◆ **What is being asked**
Line by line, set down all the data below exactly, omitting any picture.

══════

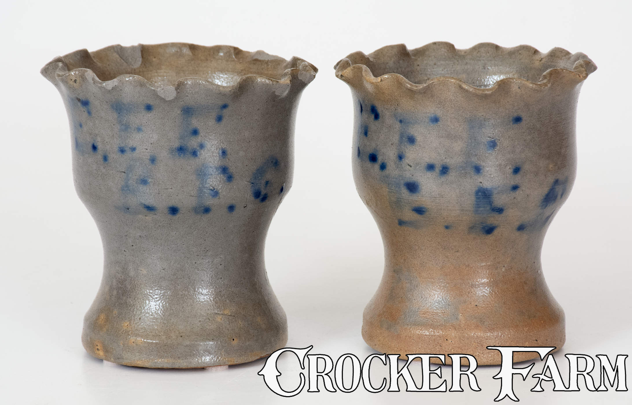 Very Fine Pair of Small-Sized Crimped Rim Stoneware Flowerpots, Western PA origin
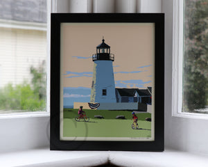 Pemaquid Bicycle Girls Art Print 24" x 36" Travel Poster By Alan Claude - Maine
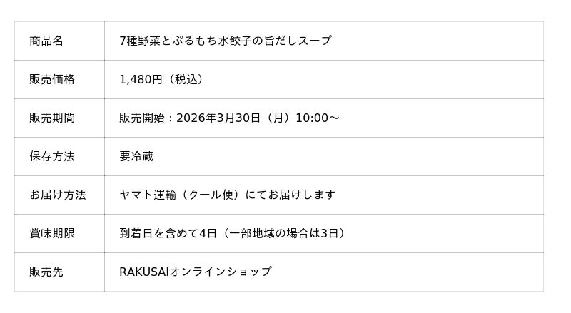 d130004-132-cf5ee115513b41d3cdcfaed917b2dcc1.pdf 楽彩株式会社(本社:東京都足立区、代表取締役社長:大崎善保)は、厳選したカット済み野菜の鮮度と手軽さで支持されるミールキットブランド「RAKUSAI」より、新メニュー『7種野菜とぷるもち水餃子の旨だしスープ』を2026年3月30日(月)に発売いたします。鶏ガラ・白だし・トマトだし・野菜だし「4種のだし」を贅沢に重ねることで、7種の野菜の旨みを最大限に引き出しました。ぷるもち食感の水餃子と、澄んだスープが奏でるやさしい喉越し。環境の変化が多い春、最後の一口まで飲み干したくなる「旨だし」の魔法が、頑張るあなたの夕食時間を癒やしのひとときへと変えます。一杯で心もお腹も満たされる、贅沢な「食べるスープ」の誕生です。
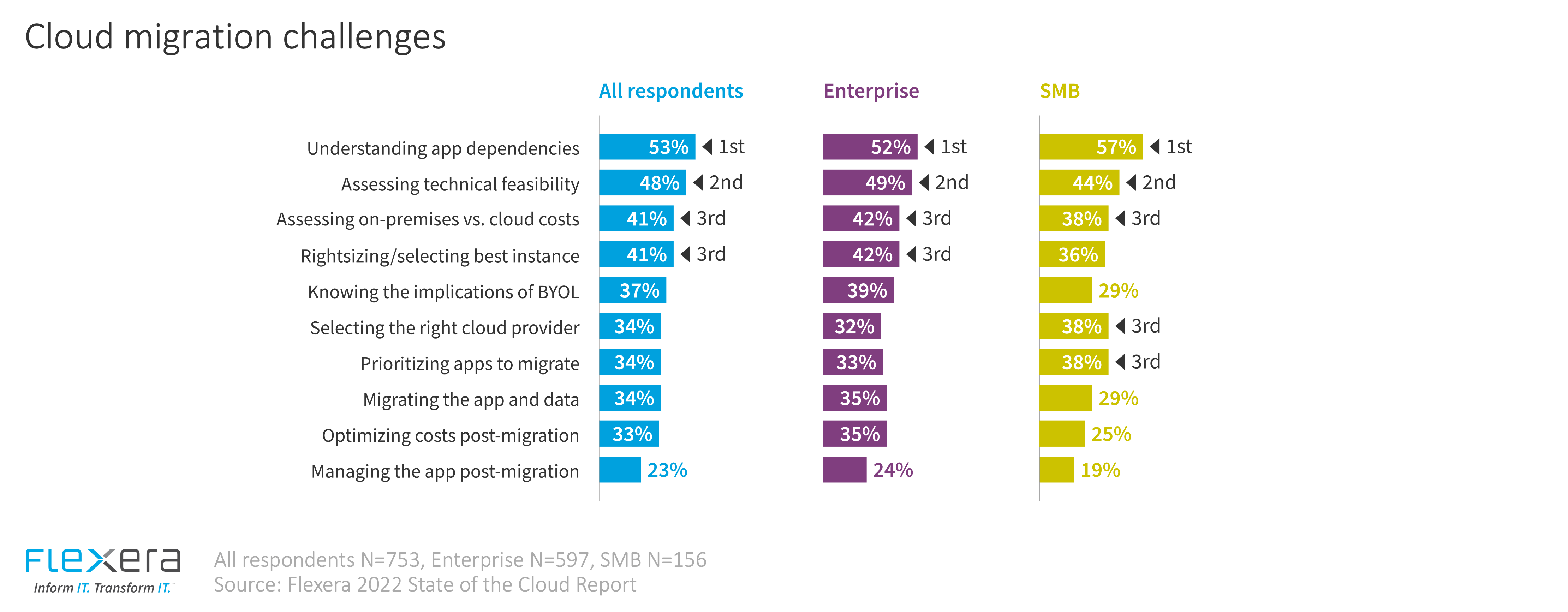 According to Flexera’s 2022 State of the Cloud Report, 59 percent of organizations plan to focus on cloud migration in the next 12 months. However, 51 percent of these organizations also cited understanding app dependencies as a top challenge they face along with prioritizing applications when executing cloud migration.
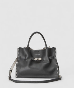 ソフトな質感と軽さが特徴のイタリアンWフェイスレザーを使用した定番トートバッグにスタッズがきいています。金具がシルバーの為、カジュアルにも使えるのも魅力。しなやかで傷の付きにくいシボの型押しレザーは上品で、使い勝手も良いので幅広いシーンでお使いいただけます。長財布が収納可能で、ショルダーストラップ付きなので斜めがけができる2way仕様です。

══════

◆ **Answer space**
 Very Fine Pair of Small-Sized Crimped Rim Stoneware Flowerpots, Western PA origin
 Pemaquid Bicycle Girls Art Print 24" x 36" Travel Poster By Alan Claude - Maine
 d130004-132-cf5ee115513b41d3cdcfaed917b2dcc1.pdf 楽彩株式会社(本社:東京都足立区、代表取締役社長:大崎善保)は、厳選したカット済み野菜の鮮度と手軽さで支持されるミールキットブランド「RAKUSAI」より、新メニュー『7種野菜とぷるもち水餃子の旨だしスープ』を2026年3月30日(月)に発売いたします。鶏ガラ・白だし・トマトだし・野菜だし「4種のだし」を贅沢に重ねることで、7種の野菜の旨みを最大限に引き出しました。ぷるもち食感の水餃子と、澄んだスープが奏でるやさしい喉越し。環境の変化が多い春、最後の一口まで飲み干したくなる「旨だし」の魔法が、頑張るあなたの夕食時間を癒やしのひとときへと変えます。一杯で心もお腹も満たされる、贅沢な「食べるスープ」の誕生です。
 According to Flexera’s 2022 State of the Cloud Report, 59 percent of organizations plan to focus on cloud migration in the next 12 months. However, 51 percent of these organizations also cited understanding app dependencies as a top challenge they face along with prioritizing applications when executing cloud migration.
 ソフトな質感と軽さが特徴のイタリアンWフェイスレザーを使用した定番トートバッグにスタッズがきいています。金具がシルバーの為、カジュアルにも使えるのも魅力。しなやかで傷の付きにくいシボの型押しレザーは上品で、使い勝手も良いので幅広いシーンでお使いいただけます。長財布が収納可能で、ショルダーストラップ付きなので斜めがけができる2way仕様です。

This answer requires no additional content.